Ottoman coins compose German firm's sale No. 199
- Published: Dec 8, 2011, 7 PM
A specialized collection of Ottoman coinage composes auction No. 199 from German firm Fritz Rudolph Künker.
The Dec. 12 auction of part one of the Sultan Collection of Coins of the Ottoman Empire features 908 lots. The collection, built over 30 years of collecting, reflects the history of coins of the last six Ottoman sultans, continuing beyond the monetary reform of 1845 through the early 20th century.
One highlight from the auction is the A.H. 1255 (A.D. 1845) gold 500-kurush coin struck in Constantinople. The coin, cataloged as Friedberg 16 in Gold Coins of the World by Arthur L. and Ira S. Friedberg, is in Uncirculated condition and has an estimate of €5,000 ($6,707 in U.S. funds).
The Ottoman Empire, one of the largest and longest-lasting empires in the world, was at the center of interactions between the Eastern and Western worlds for more than 600 years. However, several setbacks during its last 90 years or so vexed the leadership despite efforts at Western reform, and finally in late 1918 it dissolved.
When Abdülmecid I took office July 1, 1839, his father, Mahmud II, had already laid a foundation for modernization with legal and military reforms; his son had only to implement the reforms. In addition to reorganizing the army, introducing a new civil code and penal law, among other reforms, was a financial reform to counter a steadily declining currency.
As late as the reign of Mahmud II the Ottoman Empire had no common currency, and foreign coins and paper money (including the Austrian Maria Theresa taler) dominated daily life. “The system was complicated but well-practised,” according to the auction house, and money-changers made good business.
As a first step toward getting the population used to a common currency, officials issued 500-piaster and 1,000-piaster state debentures, a form of paper money returning annual interest of 12.5 percent,
The empire then adopted a monetary reform based on the French model and the Latin Monetary Union, introducing a bimetallic system of gold and silver coins. Among the coins introduced was a gold 100-kurush piece of 100 piaster, known as the livre turque, and the silver medschidije. Fractional silver and copper coins were also part of the system.

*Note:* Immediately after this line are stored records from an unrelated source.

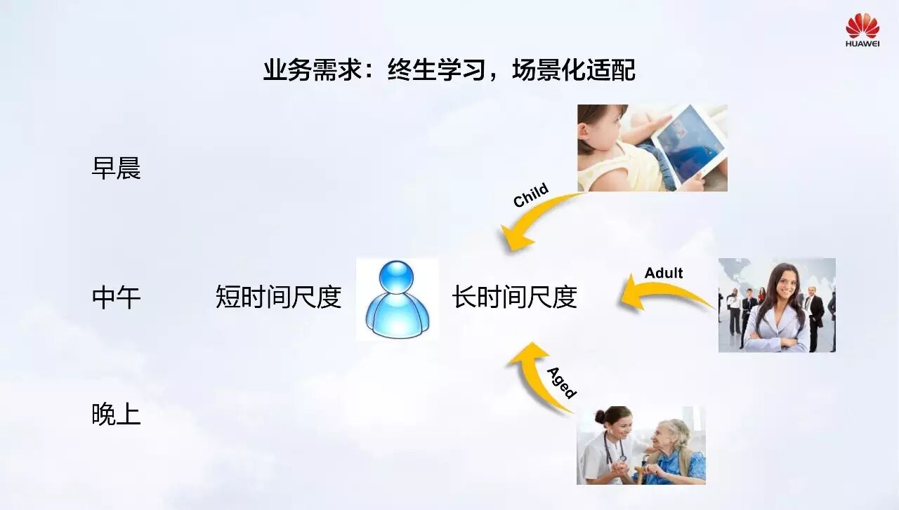第三,智能终端的终生学习。终生学习并不是从用户接入开始到用户离开你的服务为止。类似人类从小孩到中年到老年,整个过程都能感知和认知,智能终端能不能在整个事件的生命周期内持续提供服务?比如从深圳来北京的一趟飞机,航班信息非常多,能不能决定一下选哪个?万一有一些意外,能不能提供一个备选方案?包括出行,包括酒店,包括航班,一系列信息其实都是连续的,行程任务很明确,所有的一切是不是能够替我在周期内完成?AI 整个能力部署之后,建立整个学习引擎之后,应该能够提供一个场景化选择适配的能力,能够知道我的用户的场景变化,以最佳的方式来完成我的任务,这里面是持续性的学习过程,不是单次的适应过程。但是本身来讲它是巨大的挑战,如果从完整事件的高度看,这需要聚合各式各样的 AI 能力拼成完整的系统,而这个系统本身的驻留产生终生学习的效果。通过成功完成每次任务,通过各式各样人的群体测试的叠加,它就会越来越智能。这个智能系统才是可持续发展的系统,不是单次型的智能系统,部署完、训练完就完了。这是从消费者解决方案的角度来看,AI 领域能够带来的非常大的变革性的场景化的需求。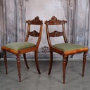 Ciekawe krzesła do jadalni lub stolika kawowego. Krzesła posiadają charakterystyczne, rzeźbione oparcia, z misternymi, rzeźbionymi motywami liści i muszli u góry i na środkowej poprzeczce, przednie nogi są toczone i zwężają się ku dołowi, podczas gdy tylne nogi są wygięte (tzw. "sabre legs", nogi szablaste). Siedziska typu "drop-in" (łatwe do wyjęcia w celu tapicerowania), obite tkaniną (w tym przypadku jasnozielony welur).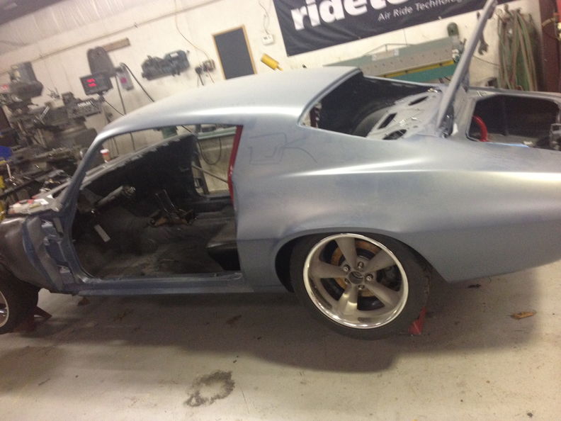 Here is a picture of the fenders going on so we could test fit the new GoodMark Industries hood. (Sorry about the picture Quality)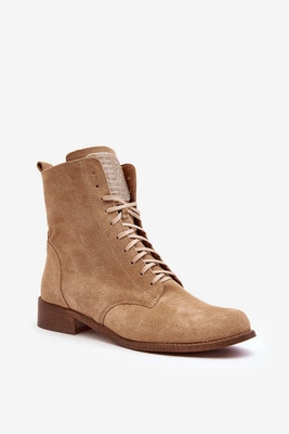 Sznurowane Botki Damskie Z Ozdobą Skórzane Ciemnobeżowe Nicole 2833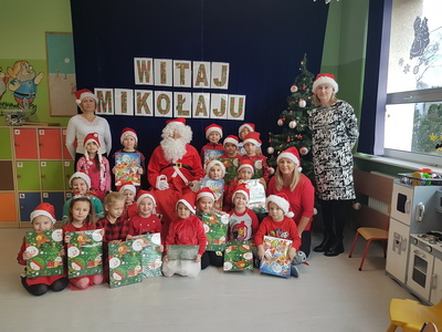 4 grudnia do naszego przedszkola zawitał wraz ze swoim reniferem Św. Mikołaj. Nasze przedszkolaki wyglądały w tym dniu jak małe elfy, a może raczej jak małe Mikołaje. Był to naprawdę niezwykły gość, który obdarował prezentami wszystkie dzieci. Za otrzymane prezenty dzieci podziękowały Mikołajowi piosenkami.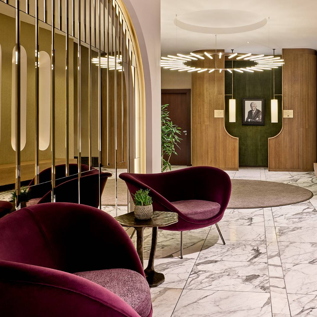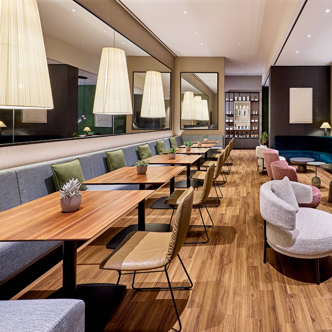L’hotel accoglie numerose sale per riunioni/convegni/eventi che vanno dal salottino intimo alla sala da ballo con il suo soffitto alto quattro metri ricoperto di cristalli! Anche il lounge bar e i due ristoranti hanno il loro perché, e se siete stanchi di lavorare l'hotel ha l’accesso diretto al MyZeil, un avveniristico centro commerciale realizzato dall'architetto Massimiliano Fuksas, uno dei centri commerciali più belli del pianeta...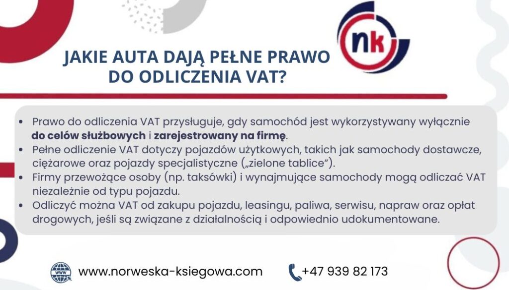| Podsumowanie | – Znajomość szczegółowych zasad odliczania VAT pozwala na prawidłowe rozliczenie kosztów i optymalizację finansów firmy. – Kluczowe jest właściwe rozróżnienie rodzaju pojazdu i prowadzenie dokładnej dokumentacji. – W razie wątpliwości warto skonsultować się z biurem rachunkowym, np. TOPNOR REGNSKAP AS, aby uniknąć błędów i kosztownych konsekwencji. |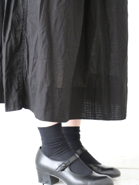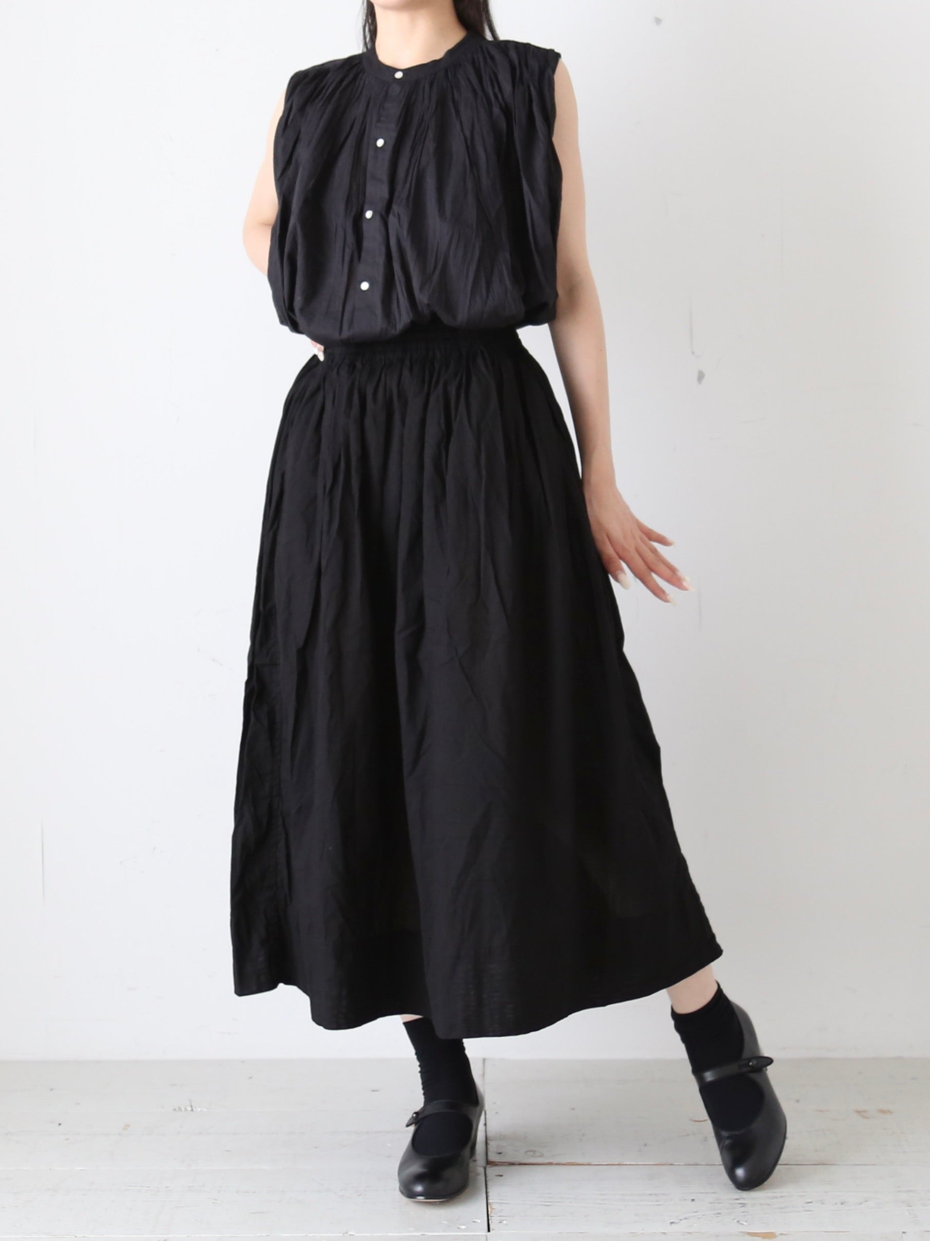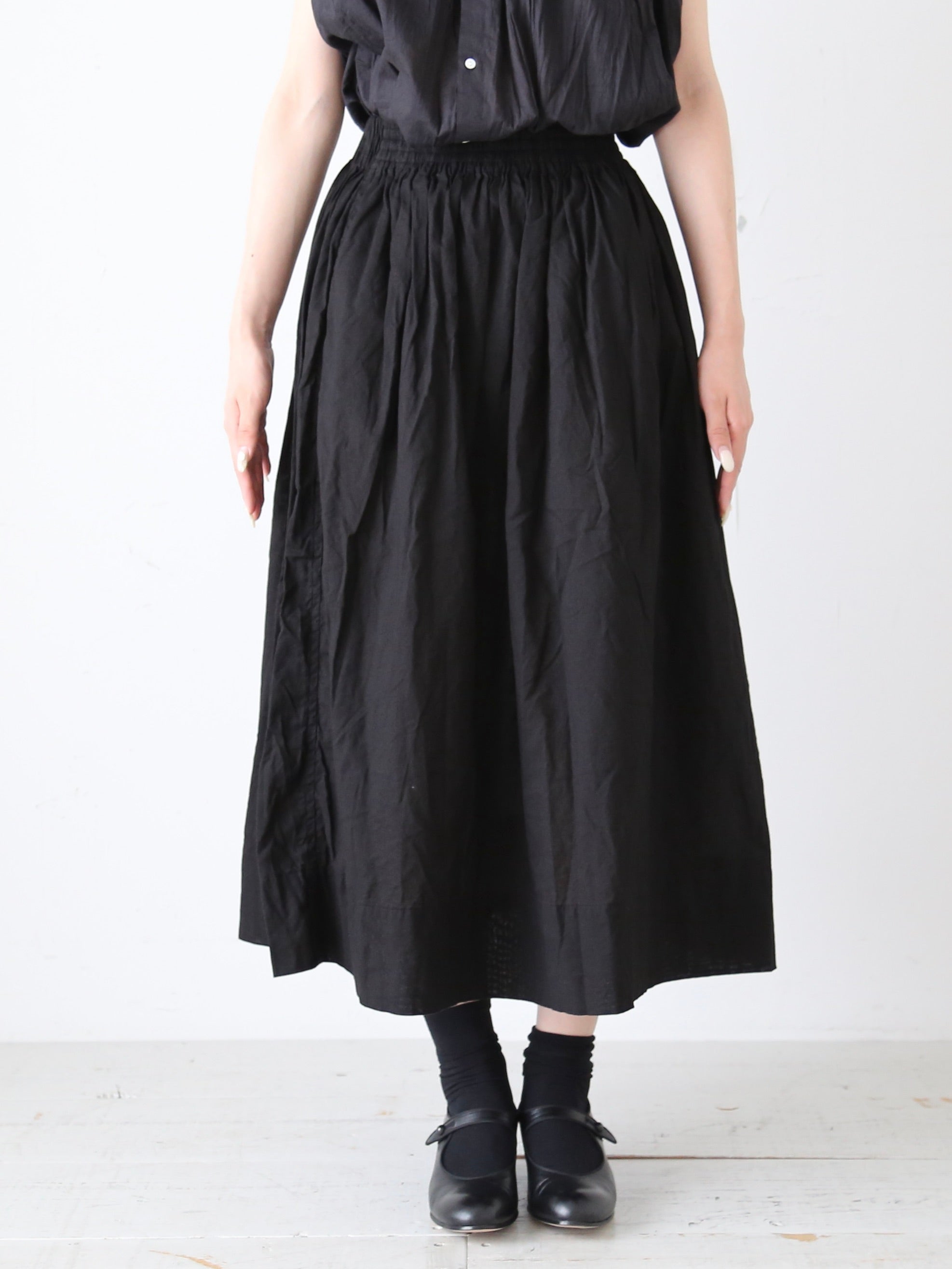 ウエストはたっぷりと寄せられたギャザーが裾に向かって広がり、ボリュームのあるシルエットが魅力です。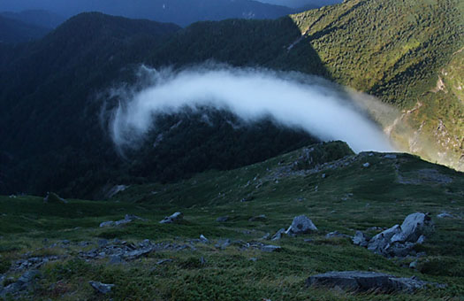 この1年が穏やかな年でありますように...皆様にとって実り多き1年になりますようお祈り申し上げます。さて、辰年がやって来ました。画像は雲に化けて山から山、里から里を往来する『龍』の姿を捉えたものです(ンな訳ないか ^^)。でも、先端部の渦を巻く雲の様子が、龍の角かヒゲのように見えなくもないでしょう。山野徘徊を重ねていると、こうした特異な自然現象に遭遇することもあります。 それはそれとして、今年も野に山に、花子に会いに出掛ける機会をできるだけ多く持ちたいと思っています。今年もよろしくご愛顧のほど、お願い申し上げます。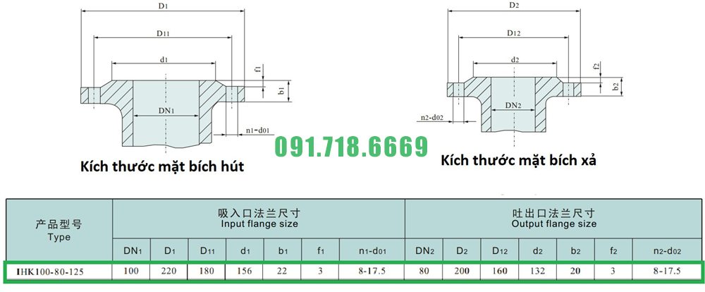 Kích thước mặt bích của bơm nước cánh hở công nghiệp model IHK100-80-125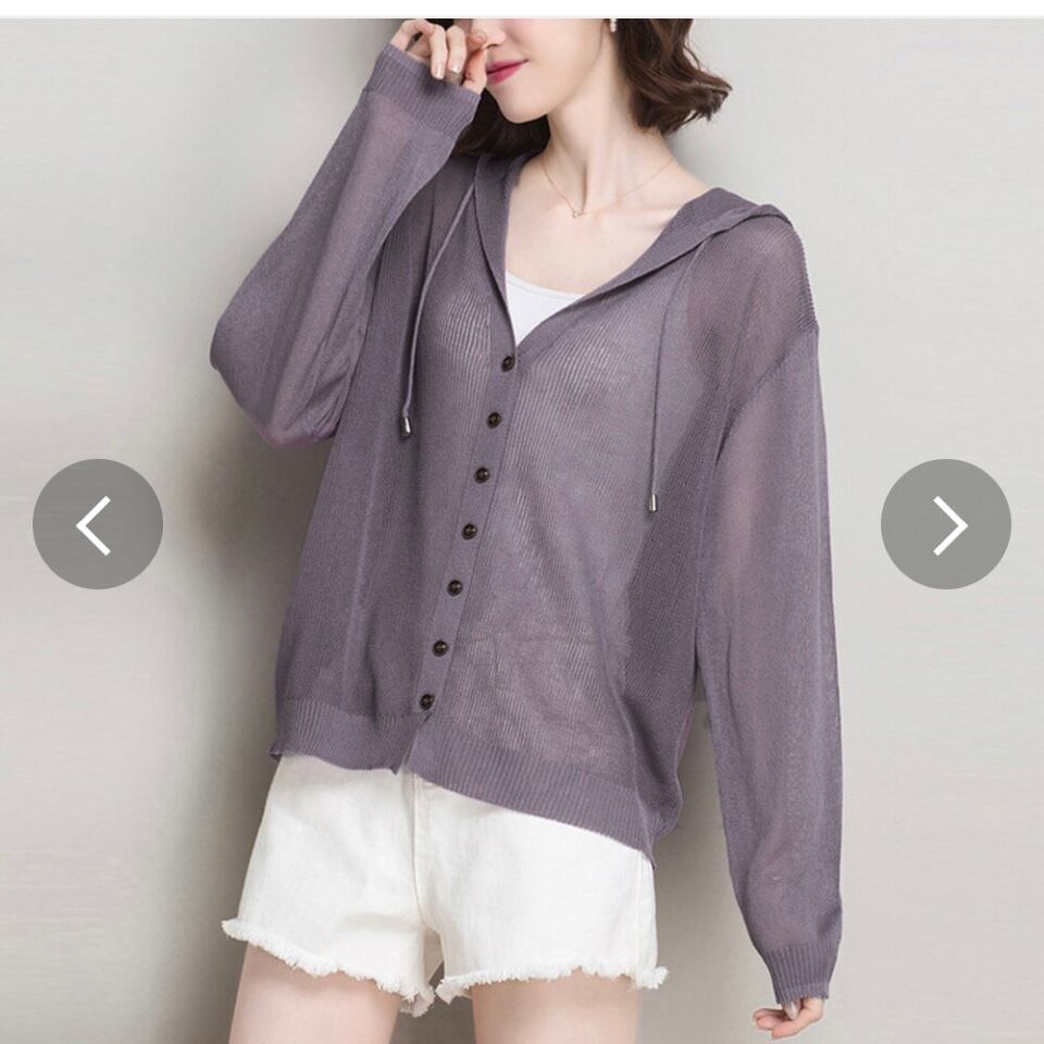 フード付き ニットカーディガン レディース 夏服 無地 ニットトップス 紫外線対策 薄手 透け感 羽織 大人 韓国

The coins were produced by French and English minting technicians in a new mint, operated by steam power and equipped with English machines, that had been built below the Topkapi Palace in Istanbul (Constantinople).
The new stable currency eased trade with and expanded credit for the Ottoman Empire, and while trade flourished, debt increased and in 1881 the empire was forced to form a state agency to handle its debt .
All successful lots are subject to a 15 percent buyer’s fee.